Luxury Chinese Rabbits

Written by Zennon Kapron || February 08 2011

China, for once, is relatively quiet – well in certain respects. Today, we’re nearly mid-way through the two week celebration of Chinese New Year as we move into the year of the rabbit. The streets for the past week have been somewhat quiet and offices were closed as millions of Chinese returned to their hometowns to celebrate the lunar calendar new year.

Although the days have been relatively quiet, the evenings have been roughly punctuated by the noisiest of the Chinese inventions: fireworks. Throughout the day, there are firecrackers being lit on small streets or in the outside common areas of apartment flats and then from about 9pm in the evening until 1am, there is an incessant cacophony of snaps, crackles, and pops.

The fireworks, beyond their basic entertainment value to those lighting them (and annoyance to everyone else around them), serve a spiritual purpose. First and foremost, they have traditionally been used to keep away spirits, but on the 5th day of the Chinese New Year, they actually serve to attract a spirit called Guan Yu. Guan Yu is also known as the Chinese god of war and considered the greatest general in Chinese history. During his career, he is told to have one over 100 battles and because of this admirable record, is also known as the God of Success or the God of Wealth. This holds special symbolism to Chinese businesses who, on the 13th day, will pay homage to Guan Yu to bring the companies and employees success and wealth in the new year.

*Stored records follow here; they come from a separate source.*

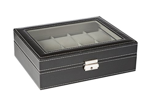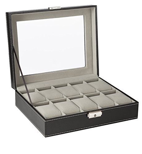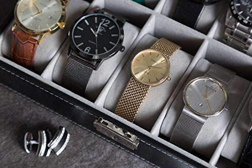 - ✅ SPACIOUS: 12 Spacious Compartments: Each watch cushion holds a small or large watch neatly in place . There is plenty of space between the lid and cushions to accommodate watches of all size.
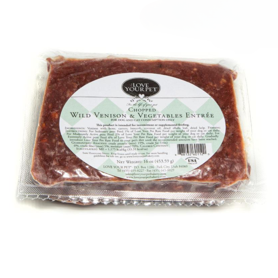 Feeding your dog or cat a wild diet of low-fat venison and 100% organic fresh vegetables will limit exposure to added growth hormones and antibiotics that are present today in most farm-raised meats. Available in 16-ounce packages.
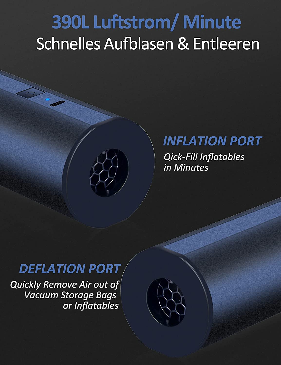 Насос з витратою 390 л/хв. Потрібно лише близько 20 секунд, щоб накачати кільце для плавання, 1 хвилина, щоб наповнити надувний матрац, 3 хвилини, щоб накачати дитячий басейн, 1–2 хвилини, щоб стиснути вакуумний мішок для зберігання

Guan Yu has been listening – the wealth is coming. A recent report from CLSA Asia-Pacific Markets states that China will be the world’s largest market for luxury goods by 2020. Living in Shanghai, perhaps the wealthiest city in China, it’s obvious that the rich are getting richer. While still a far cry from the car shows that you see in some of London’s more upscale areas, Bentleys, Rolls Royce and Porsche’s are common on the streets today. The cars outside though are only part of the story, the real story is inside.

Across the city, incredibly upscale shopping malls have sprung up. Packed with marble flooring and amazing fixtures, Cartier is likely the lowest end of stores you will see in some of these malls where a Patek watch store selling a limited edition $100,000 watch sits next to a Burberry with a kid’s section. The more amazing thing about these shopping centers is not the fact that they are there – they wouldn’t be out of place in any major city, but the fact that they are crowded with consumers that, instead of just looking, like they would have five years ago, are opening up their wallets and buying. The ‘build it and they will come’ strategy doesn’t always work, but in this case it seems to.

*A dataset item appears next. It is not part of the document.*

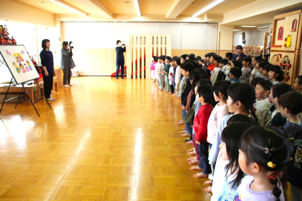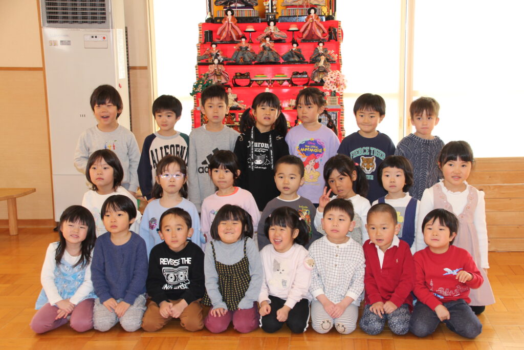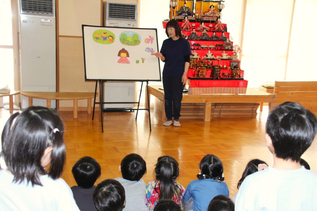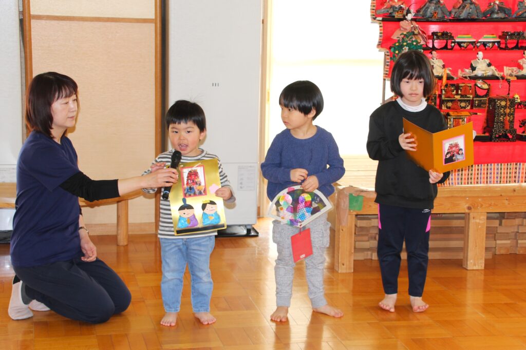 桃の節句の3月3日(火)、聖十字幼稚園でもひな壇をホールに飾り「ひなまつり」のお祝いをしました。はじめに、各クラスの代表から、ひなまつりに合わせて制作した作品について発表を行いました。そして、パネルシアターで先生からひなまつりの由来についてお話を聞きました。最後は、みんなで「うれしいひなまつり」を元気に歌いました。お部屋に戻り、お昼にはひなあられを食べました。

Fundamentally, the upper-end Chinese consumer is getting rich and starting to show their wealth through luxury goods. The CLSA report estimates that by the end of 2019, the Chinese will account for 20% or about US$100 billion of the global luxury market – eclipsing the approximately US$70 billion that the US, the luxury leaders, spent last year. Hand in hand with the wealthier consumer is the development of the private wealth industry to support them.

For many years, due to cultural considerations, fear of losing money and a number of other reasons, the wealthy Chinese were uncomfortable with the notion of private banking. Most managed their money themselves or relied on close friends or acquaintances to manage it for them. Only now are we finally starting to see wealth management grow in China. In fact, in our top-10 trends for 2011 report, we noted that online banking will be a key trend for 2011, and more specifically online banking wealth management services - more and more domestic banks are now offering high-net worth and private banking services online.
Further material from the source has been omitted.